As an example of his industriousness and his focus, I’m thinking of a reading Joshua Beckman gave at the writer’s house. In typical Beckman style, rather than read from his new book, he unveiled an insanely complicated and unusual new form he’d just invented, and asked people from the audience to come up to the podium to read these new poems. Wiley volunteered right away, and then about halfway through the reading he raised his hand and asked Joshua if he could share one that he’d just written, during the reading.

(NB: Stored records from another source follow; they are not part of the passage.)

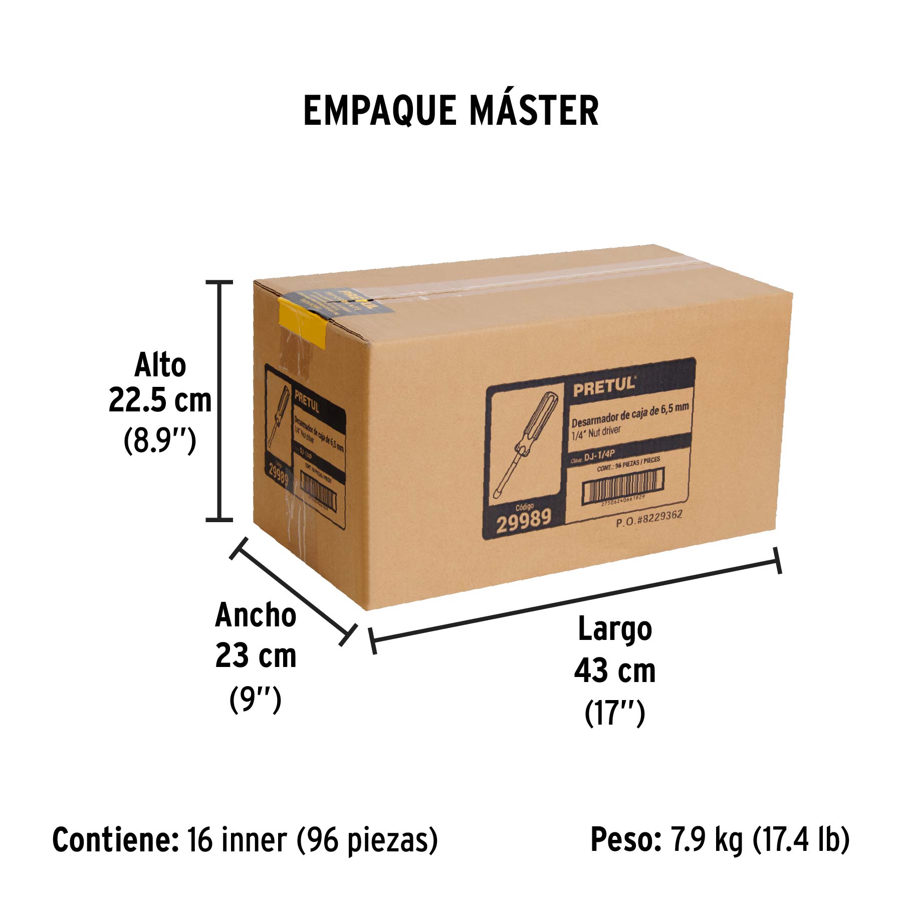 Desarmador de caja 1/4" mango de PVC, PRETUL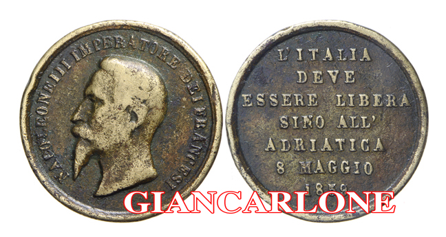 Già postata a pag.6 post 126, aggiungo quella che ho in collezione. Come si legge al rovescio MEDAILLE GEGRAFIQUE DE LA GUERRE D'ITALIE  -  1859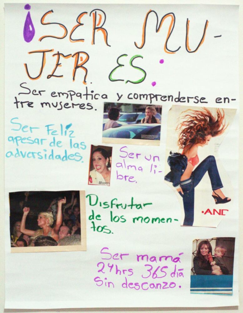 Mujeres cis y trans -integrantes de las comunidades de Brigada Callejera, AMETS y La Casa Hogar Paola Buenrostro- hicieron el ejercicio de responder tres preguntas –¿Qué significa para ti ser mujer?, ¿de quién aprendiste a ser mujer?, ¿cómo impacta ser mujer en tu trabajo?– a través de un collage de imágenes que sacaron de revistas o de internet.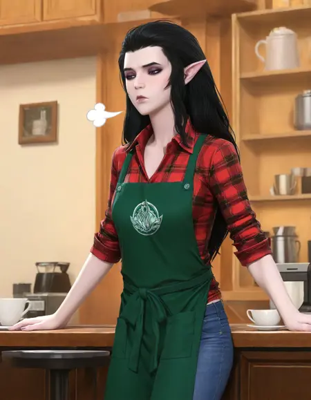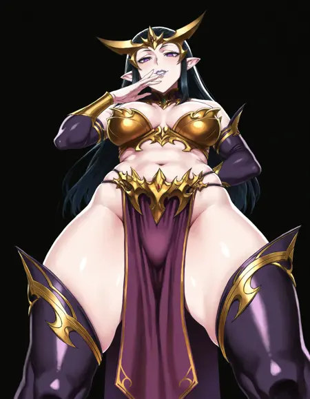DESorceress, 뾰족한 귀, 검은 머리, 보라색 립스틱, 메이크업, 갑옷,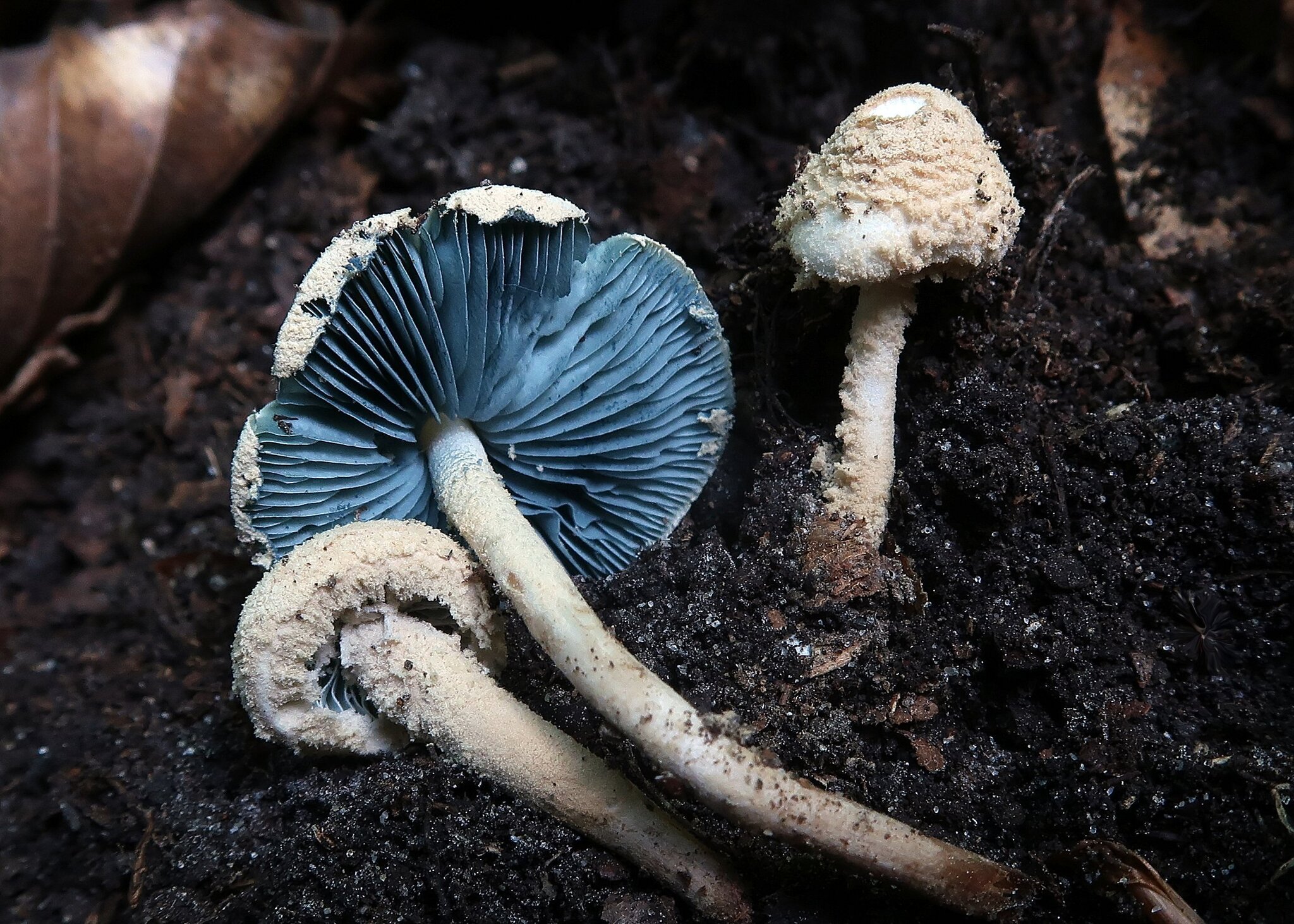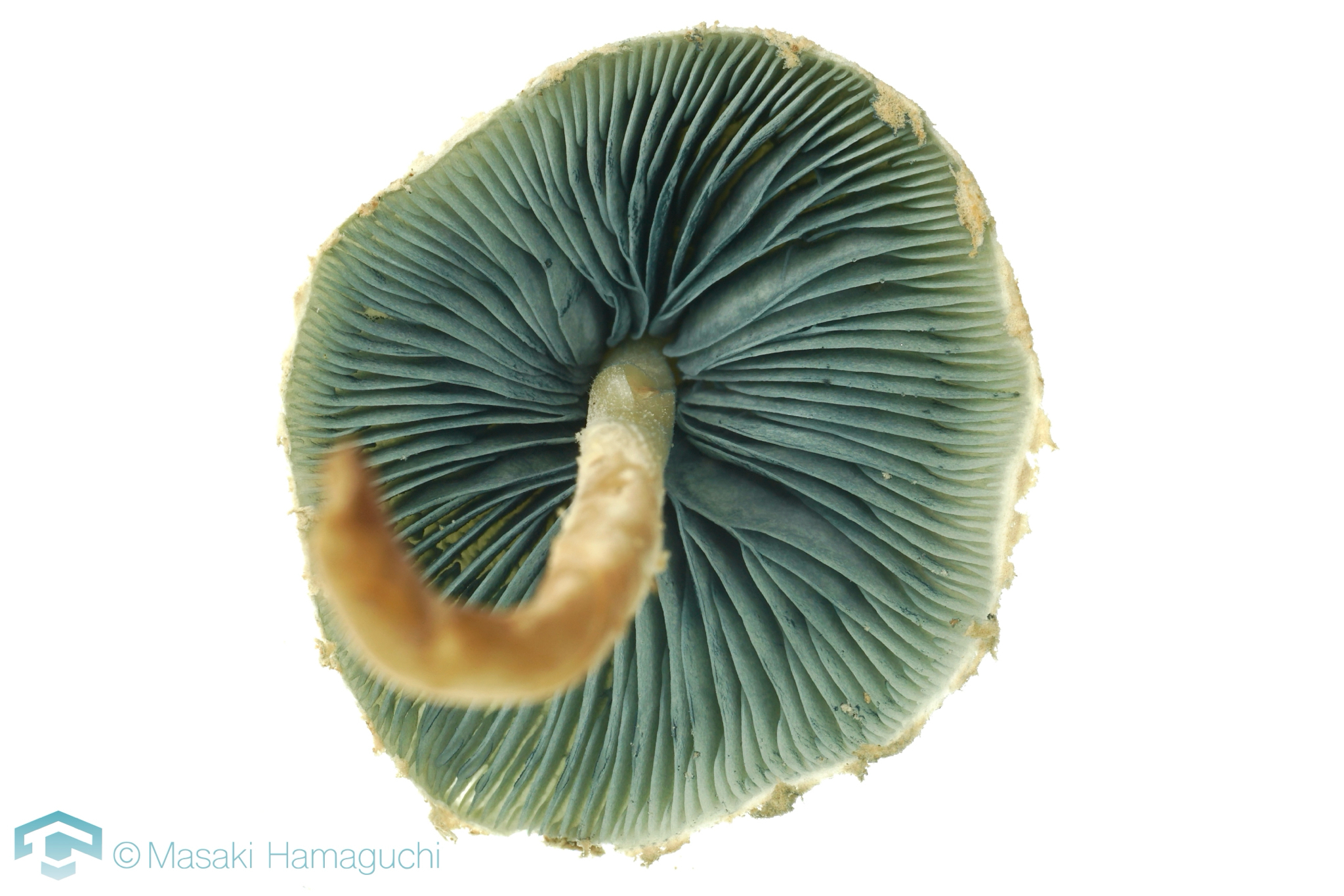 Hut 1—3 cm im Durchmesser, gewölbt bis glockenförmig; cremefarben mit ockerbraunem Zentrum; körnig, mit Schleierresten, die am Rand haften.Stiel 15—25x1—2 mm, farblich ähnlich wie der Hut, oft zur Basis hin dunkler werdend; körnig.Fleisch weiß im Hut, creme bis bräunlich im Stiel.Lamellen blaugrün.Sporen 4—5x2—2.5 µ, oval.Sporenabdruck blassgrün.Hutoberfläche bedeckt mit kugeligen, dünnwandigen Zellen.

Wiley brought this voraciousness and total commitment to any project, especially to his thesis, especially right at the end. He wrote poems that looked like upside down trees, or plant roots, or corporate flow charts. That was one poem. You had to answer a question yes or no and go to the stanza that followed. His energy in person was infectious, and his energy on the page is still there, fresh as he was.
Holly Coddington
Wiley Birkhofer:
their penis manly
hanley ramirez
took a fastball to the cock
no longer shaves his forehead with a sponge
(8:18 AM)
Holly Coddington:
he shaves his sponge with a forehead picked off a penis tree
(8:19 AM)
Wiley Birkhofer:
NICE!
you know exactly what i want
turds marinated in corn
bleach from dad’s old shin squeegie
(8:20 AM)
Holly Coddington:
The moon is half-cocked on pubic rope
don’t call me dad
(8:21 AM)
Wiley Birkhofer:
moons
are always good
in poems
the ocean
birds
(8:25 AM)
Holly Coddington:
moons over my hammy
oceans are for drowning pianos in
birds are for flying into windows.
(8:28 AM)
Wiley Birkhofer:
moons are super
birds are basically oceans
okay i gotta go
(8:29 AM)
Holly Coddington:
bye bye
(8:29 AM)
Wiley Birkhofer:
you’re very funny
and imaginative
dirty nasty
(8:29 AM)
Holly Coddington:
haha and you are weird and sweet
and wearing an ego suit
(8:30 AM)
Wiley Birkhofer:
in workshop, rachel told me “you have a very interesting relationship to ego, wiley”
(8:30 AM)
Holly Coddington:
which you unzip and flash us
unzip your ego suit and put your dick on your forehead
(8:31 AM)
Wiley Birkhofer:
i think your analogy is spot on
(8:32 AM)
Friday, March 21, 2014 9:54 AM
Wiley Birkhofer:
i love you
you’re an amazing person
really funny
CGHAT 4 LIFE
(9:54 AM)
Ari King
Ari King: What are you not good at?
Wiley Birkhofer: I’m not good at - this is going to be very psychological - feeling good about myself because of who I am as opposed to which other people like me and things they tell me I’m good at. You know…like I know because my friends are laughing that I am funny not I know that I’m funny because I know that I am funny and I think that I am funny. (Snaps fingers) That’s a really good example!
AK: What are you good at?
WB: Well, I’m really funny. Maybe not in this interview but I’m very light-hearted, I’m very spontaneous, goofy-I hate to use that word-and I care a lot about my friends, I care a lot about the people I met in college, the people I met since. A lot of people are selfish and stuck in their head. I’m stuck in my head but I’m not selfish.